Наконец, из сказанного легко понять, что подражание стилю древних на их собственных языках, по грамматическому совершенству далеко превосходящих наши, – вот наилучшее средство подготовиться к свободному и совершенному выражению мыслей и на своем родном языке. Для того чтобы стать настоящим писателем, такая подготовка даже необходима, совершенно так же, как необходимо пройти школу подражания древним и начинающему скульптору или живописцу раньше, чем он перейдет к самостоятельной композиции. Только писание по-латыни научает нас обращаться с речью, как с художественным произведением, имеющим материалом своим язык, который поэтому и должен употребляться с величайшей заботливостью и осмотрительностью.
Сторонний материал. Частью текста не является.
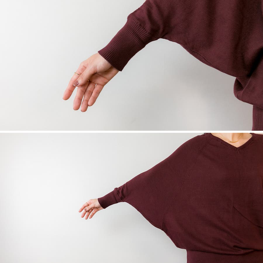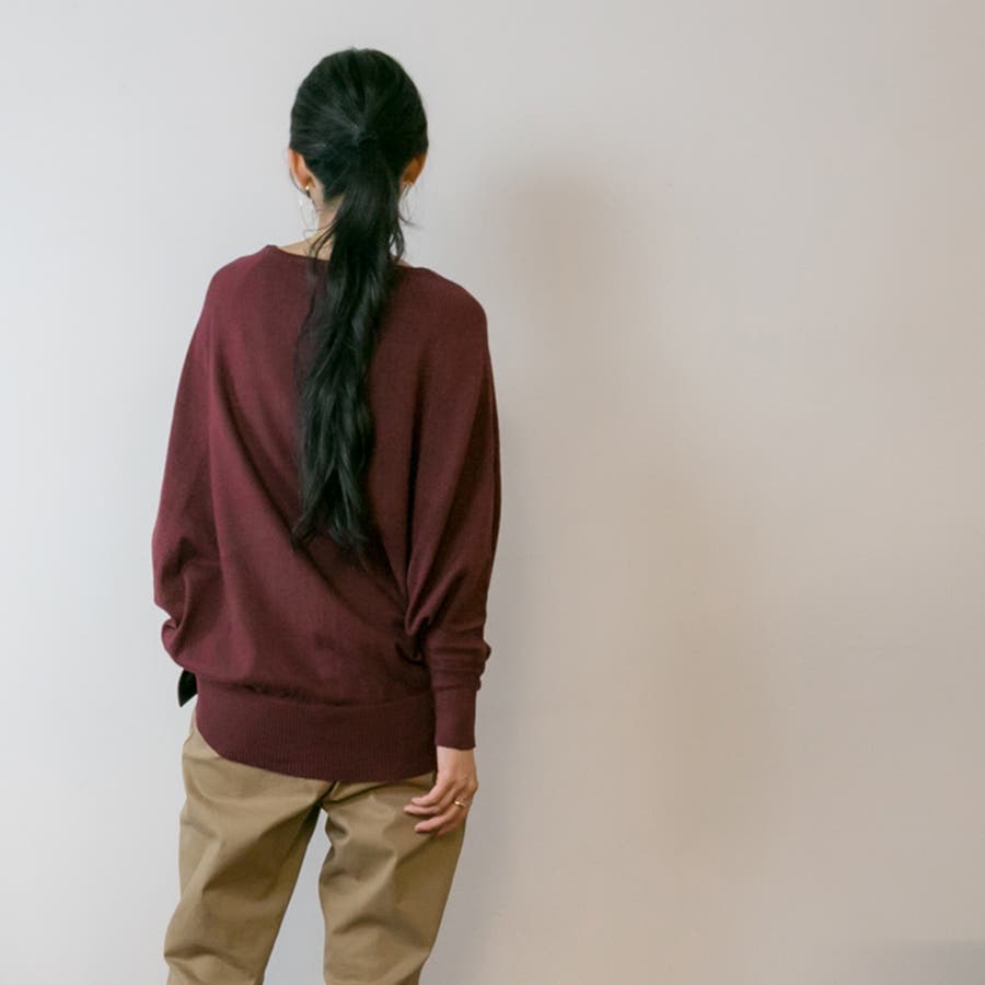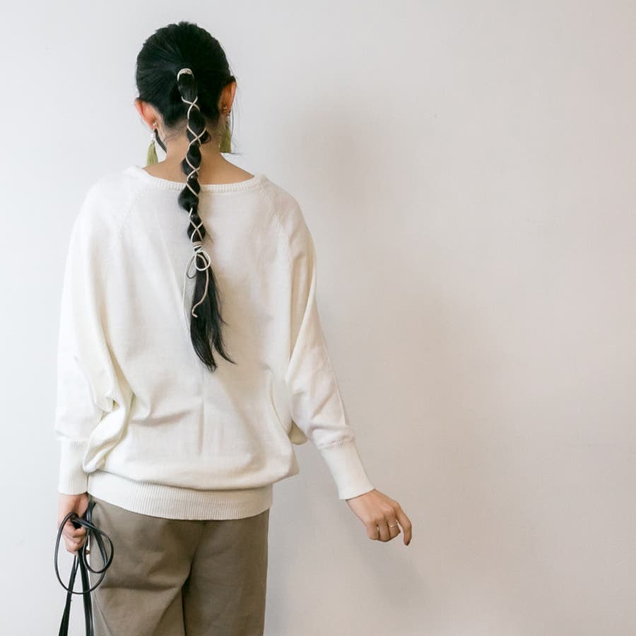 「無限」の着まわし力 Point01 実力派ドルマンニットドルマンスリーブが絶妙なラインを作り、すっきり魅せます。体型の気になる部分を隠しながら華奢な手先だけを強調してくれます。Point02 美人をつくるVネックで綺麗なデコルテ考え尽くされたデコルテを魅せる絶妙なネックライン。広すぎず狭すぎない首元は、すっきりと着こなせて女性らしさを演出。

Мы начинаем обращать усиленное внимание на значение и ценность слов, их сопоставлений, грамматических форм; мы научаемся все это точно взвешивать, т. е. правильно пользоваться тем драгоценным материалом, в котором могут быть выражены и сохранены сокровища мысли. Мы привыкаем относиться к языку, на котором пишем, с уважением и не переделывать его по нашему произволу и капризу. Без этой подготовительной школы писание легко вырождается в бумагомарание.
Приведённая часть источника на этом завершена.